We can add friction at the contact. Rigid bodies will almost always experience contact at only a point, so we typically ignore torsional friction Featherstone07, and model only tangential friction by extending ${\bf n}$ to a matrix $$\bJ = \begin{bmatrix} {\bf n}\\ {\bf t}_1\\ {\bf t}_2 \end{bmatrix},$$ to capture the gradient of the contact location tangent to the contact surface. Then $\blambda$ becomes a Cartesian vector representing the contact impulse, and (for infinite friction) the post-impact velocity condition becomes ${\bf J}\dot{\bq}^+ = \text{diag}(-e, 0, 0) {\bf J}\dot{\bq}^-,$ resulting in the equations: \begin{equation}\dot{\bq}^+ = \left[ \bI - \bM^{-1} \bJ^T \text{diag}(1+e, 1, 1) \left[\bJ \bM^{-1} \bJ^T \right]^\# \bJ \right]\dot{\bq}^-.\end{equation} If $\blambda$ is restricted to a friction cone, as in Coulomb friction, in general we have to solve an optimization to solve for $\dot\bq^+$ subject to the inequality constraints.

# A spinning ball bouncing on the ground.

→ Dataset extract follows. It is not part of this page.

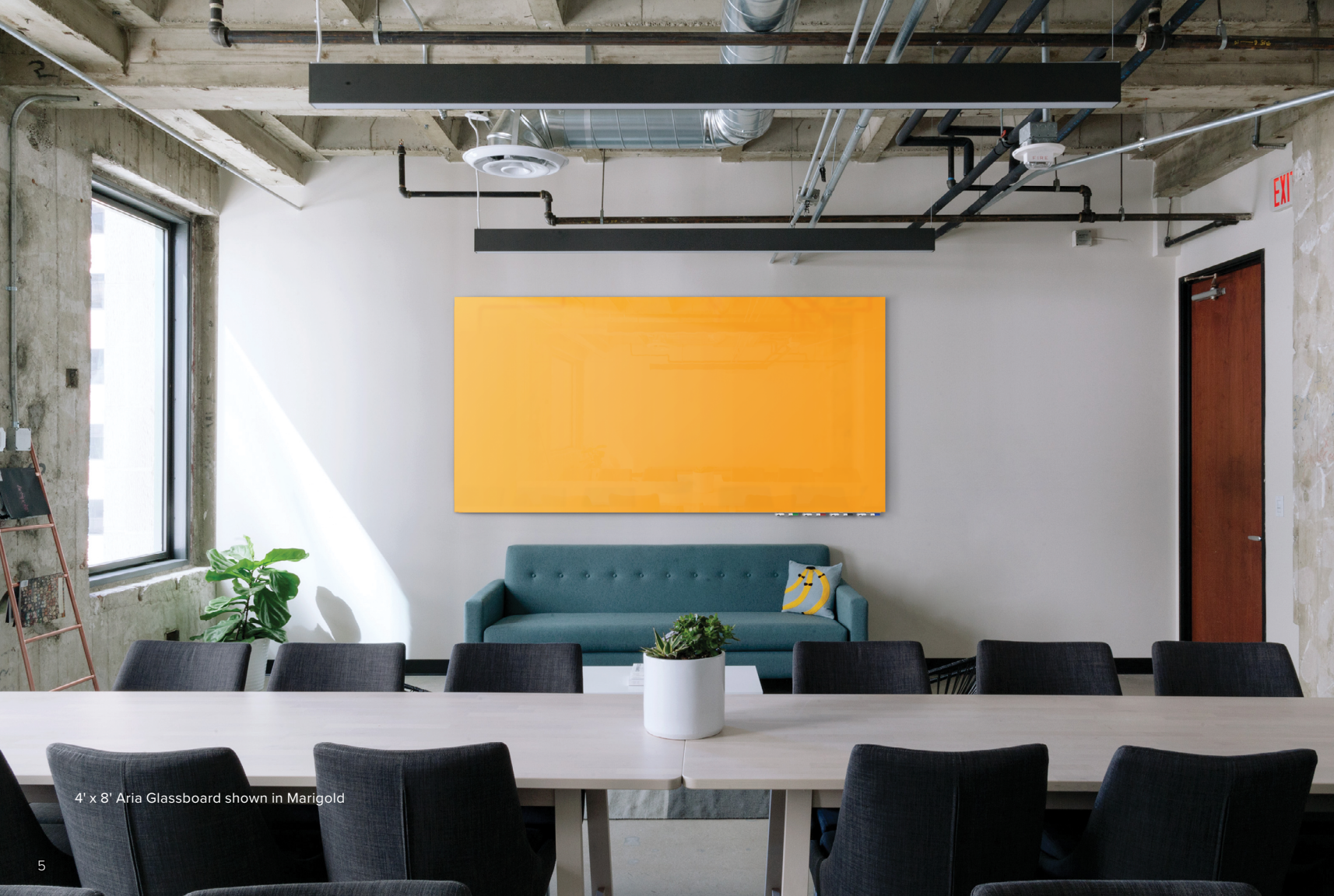
4' x 8' Aria Glassboard shown in Marigold

Imagine a ball (a hollow-sphere) in the plane with mass $m$, radius $r$. The configuration is given by $q = \begin{bmatrix} x, z, \theta \end{bmatrix}^T.$ The equations of motion are $$\bM(\bq)\ddot\bq = \begin{bmatrix} m & 0 & 0 \\ 0 & m & 0 \\ 0 & 0 & \frac{2}{3}mr^2 \end{bmatrix} \ddot\bq = \begin{bmatrix} 0 \\ -g \\ 0 \end{bmatrix} + \begin{bmatrix} 0 & 1 \\ 1 & 0 \\ 0 & r \end{bmatrix} \begin{bmatrix} \lambda_z \\ \lambda_x \end{bmatrix} = \tau_g + \bJ^T {\bf \lambda},$$ where ${\bf \lambda}$ are the contact forces (which are zero except during the impulsive collision). Given a coefficient of restitution $e$ and a collision with a horizontal ground, the post-impact velocities are: $$\dot{\bq}^+ = \begin{bmatrix} \frac{3}{5} & 0 & -\frac{2}{5} r \\ 0 & - e & 0 \\ -\frac{3}{5r} & 0 & \frac{2}{5}\end{bmatrix}\dot{\bq}^-.$$

# Putting it all together

We can put the bilateral constraint equations and the impulsive collision equations together to implement a hybrid model for unilateral constraints of the form. Let us generalize \begin{equation}\bphi(\bq) \ge 0,\end{equation} to be the vector of all pairwise (signed) distance functions between rigid bodies; this vector describes all possible contacts. At every moment, some subset of the contacts are active, and can be treated as a bilateral constraint ($\bphi_i=0$). The guards of the hybrid model are when an inactive constraint becomes active ($\bphi_i>0 \rightarrow \bphi_i=0$), or when an active constraint becomes inactive ($\blambda_i>0 \rightarrow \blambda_i=0$ and $\dot\phi_i > 0$). Note that collision events will (almost always) only result in new active constraints when $e=0$, e.g. we have pure inelastic collisions, because elastic collisions will rarely permit sustained contact.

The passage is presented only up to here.